Rule Matching Algorithm
On this page
Rules can contradict or override each other. On this page, we explain the logic that we use to handle contradicting Rules and consequences.
Conflicting Rules
Your index may contain many Rules, so you need to be careful not to repeat yourself, or create conflicting Rules. Most Rules target different and distinct situations, so this is usually not a concern.
However, consider the following two Rules:
- Rule 1: if a query contains “potter”, then promote “Harry Potter’s Deluxe DVD collection” to the first result.
- Rule 2: if a query contains “potter”, then promote the “Harry Potter 8” to the first result.
What would be the first result, “Harry Potter DVD collection” or “Harry Potter 8”? In other words, which Rule wins?
The Rule engine resolves this kind of conflict with a precedence logic preset, as outlined below. It resolves every conflict depending on a set of criteria.
Precedence acts mainly along two axes: specificity (the more specific a Rule is, the higher its precedence—similar to CSS selectors) and query text.
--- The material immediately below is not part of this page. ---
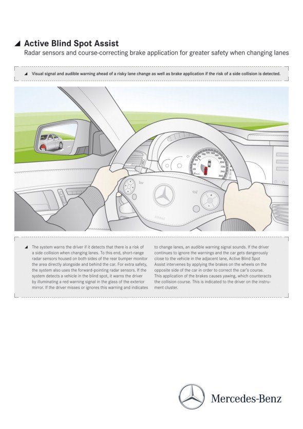Also new is the Active Blind Spot Assist, which warns the driver by displaying a red warning in the glass of the relevant exterior mirror when it detects that changing lanes would be too dangerous. If the driver ignores the warnings and comes dangerously close to a vehicle in the neighbouring lane, a novel feature of the system acts: a corrective braking intervention via ESP® on the wheels of the opposite side of the vehicle.
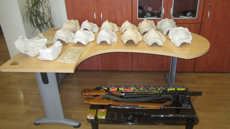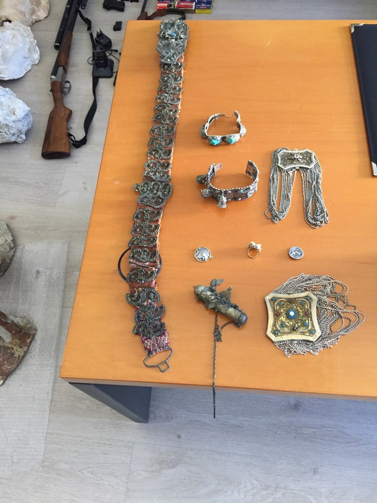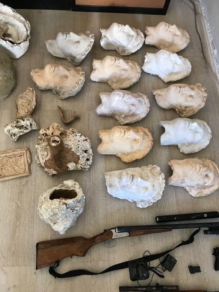 Στην κατοχή τους επίσης βρέθηκαν ένα δίκανο, ένα τυφέκιο, ένα πιστόλι εκατοντάδες γεμιστήρες και φυσίγγια, ένας ασύρματος και άλλα παράνομα αντικείμενα. Παράλληλα ανακαλύφτηκε και παράνομο εργαστήριο κατασκευής εκμαγείων αρχαίων αντικειμένων.

Note that multiple Rules can still match a given query, provided they match a distinct set of words.
Precedence logic
Algolia uses a tie-breaking algorithm, much like the ranking formula, to determine the precedence of all the Rules that apply to any given query. In other words, a criterion is only considered when all its preceding criteria rank equal.
The precedence logic, ranked by importance, is as follows:
- Position: the earliest match wins (i.e., closest to the beginning of the query string).
- Match length: the longest match wins; match length is determined by the number of words matched from the query string and the number of filters matched from the query parameters.
- Anchoring: is > starts with > ends with > contains.
- Context: a contextual Rule has higher priority than a general Rule or than a Rule using filters.
- Filters: a Rule using filters has higher priority than a general Rule.
- Literals over placeholders: if a word could match both a literal or a facet value, the literal takes precedence.
- Temporary over permanent: if both a temporary and a permanent Rule match, the temporary Rule takes precedence.
- Rule ID: if there are still conflicts after all other criteria have been applied, we take the smallest
objectID
in lexicographical order. This final criterion guarantees to break every tie. It most likely applies only when there are duplicate Rules.
Essentially, Rules apply from the beginning of the query to its end.
Note that the precedence logic applies the same way with multi-conditional Rules. The engine evaluates each condition as if it were an independent Rule.
Conflicting consequences
We only make use of the precedence logic above if two or more conditions conflict. If the conditions do not directly conflict, then there is no conflict, and so the precedence does not apply.
So what happens when two consequences conflict, or overlap? For example:
- Rule 1: if a query contains “Shakespeare”, then promote “The Lost Shakespeare Diaries” to the first result.
- Rule 2: if a query contains the phrase “how much is”, then promote your company’s “Full Price List” to the first result.
What happens when the query is “how much is Shakespeare”?
In this case, there is no conflict because the conditions are not the same. Yet, the consequences overlap: namely, two different consequences are fighting for the first position in the results. In this case, there is no clear precedence logic to determine the winner. The result can sometimes be based on the creation date of the Rules. The best is to avoid this kind of situation.
Edge cases
- If a Rule removes a word from the query string, all subsequent Rules that would have been triggered by this word (be it via a literal or a facet placeholder) are disabled.
- If a Rule replaces the query string entirely, all subsequent Rules are disabled.
Some further considerations
Hit promotion’s effect on relevance
Only objects coming from the same index can be promoted. Promoted objects have to be explicitly identified by their objectID
.
A promoted object is considered a hit, even if it doesn’t match the query. If it matches the query, it is removed from its original position and inserted at its promoted position, even if the original position was been better than the promoted position (in other words, promoted hits can also be “demoted”). For performance reasons, promoted positions are restricted to the range [0, 300] (zero-based).
Inside the same Rule, each promoted object must have a unique promoted position. If promoted objects from two distinct Rules are triggered for the same query:
- Duplicates are merged, using the best position.
- If the resulting positions conflict between distinct objects, objects are shifted down until a free slot is found.
- All regular hits are shifted down as many times as necessary to ensure that all promoted objects get as close to their promoted position as possible (modulo conflicts between objects, as stated above).
Hidden objects are removed from the hits. The following hits are shifted up so that pagination works seamlessly.
Injecting user data
User data lets you inject data inside the results that are not objects coming from the index, and, as such, doesn’t compete with other hits for pagination. A typical use case is to display a banner on top of the result list.
User data can be any JSON object. It is not interpreted by the API whatsoever.